Essay

On safety and security

(originally posted 12/14/15) If you live in a first-world country, you are pretty safe from harm. If you live a middle-class or better lifestyle in a first-world country, you are overwhelmingly safe.

Of course, my neighbors on Nextdoor, an online bulletin-board system for neighborhoods, might not agree. They wring their hands all the time about crime and safety. They share the weekly police blotter and links to crime statistics and to a database of where all the sex offenders live. They recommend their security-alarm companies to each other, talk about starting neighborhood watches, and pester the city to increase police patrols and install more street lights. My Nextdoor feed crackles with fear.

It’s a matter of time, I’m sure, before one of my neighbors on Nextdoor links to this interactive tool on Slate which maps every reported shooting across the United States in the last year. Type your address and bingo. I find five shootings within a two-mile radius of my house. Cue the Nextdoor discussions about police patrols and alarm systems. Something must be done!!!!

Entry system

Perhaps I’ve not been concerned enough about crime. Half the time, my car is unlocked; it’s old and there’s nothing in there worth having anyway. I don’t lock my doors during the day when I’m at home. Heck, I first installed deadbolt locks on my doors only this year. I had painted the doors and installed new doorknobs and locks, and decided I might as well finally have deadbolts installed while I was at it.
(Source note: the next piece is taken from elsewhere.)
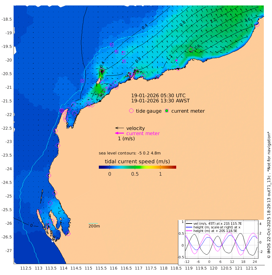 6cm/s -102T +12cm/s rms + 5cm/s -173T. NWSBAR 206m 1cm/s -123T +22cm/s rms + 10cm/s -148T. TAN100 109m 8cm/s -74T +11cm/s rms + 8cm/s -129T. PIL200 208m 12cm/s -48T +13cm/s rms + 7cm/s -137T. PIL100 105m 14cm/s -39T +12cm/s rms + 2cm/s -92T. PIL050 55m 1cm/s -58T +18cm/s rms + 4cm/s -149T. NRSNIN 61m 20cm/s -41T +6cm/s rms + 3cm/s 112T. NW Shelf M6 65m 6cm Withnell Point -3cm Denham -7cm Shark Bay (Inr Bn) -8cm Shark Bay -18cm Useless Loop -19cm Hamelin Pool 19cm Carnarvon 9cm Cape Cuvier 9cm Coral Bay 11cm Norwegian Bay 47cm Badjirrajirra 13cm Tantabiddi 31cm Point Murat 40cm Exmouth 53cm Learmonth 31cm Y Island 21cm North Muiron Island 24cm Roller 31cm Ashburton North 35cm Onslow (Beadon Creek) 31cm Thevenard Island 101cm Large Island 91cm North Sandy Island 54cm Barrow Island (Wapet Landing) 85cm Barrow Island (Tanker Mooring) 72cm Withnell Bay 54cm Trimouille Island 39cm North West Island 112cm Fortescue Road 73cm Steamboat Island 85cm Sholl Island 73cm Fairway Beacon 73cm Mawby Island 74cm Dampier (King Bay) 68cm Cape Legendre 90cm Hauy Island 99cm Port Walcott (Cape Lambert) 120cm Depuch Island 122cm Port Hedland 95cm Bedout Island 140cm Lagrange Bay
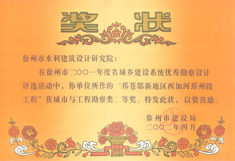 《邳蒼郯新地區西加河工程》市勘察二等獎(2002)

Even worse, once or twice a year I manage to drive away from here for the day and leave my garage door up, providing easy access to the whole house. I’m such a doofus.

Yet every time I get home, nothing is disturbed. Actually, I’ve largely escaped crime my whole life. I had one close call as an adult, in the early ’90s. Wham! bam! rattle rattle rattle! on my front door, and then the back door, in the middle of the night. Woke me right up and scared the bejabbers out of me. But my locked doors deterred the would-be burglar. Or maybe it was a drunk trying to enter the wrong house. Either way, the police didn’t find him. It’s the only time I’ve ever needed police because of crime.

That’s not to say terrible things can’t happen. About five years before I moved in here, my next-door neighbor’s house was ransacked and burglarized while he was at work. And of the shootings the Slate tool found near my home, one of them made national news. Maybe you saw the stories on TV. It was the brutal murder in 2015 of a young mother, a pastor’s wife, in a home invasion. She was pregnant with their second child. It was truly, breathtakingly, stunningly awful.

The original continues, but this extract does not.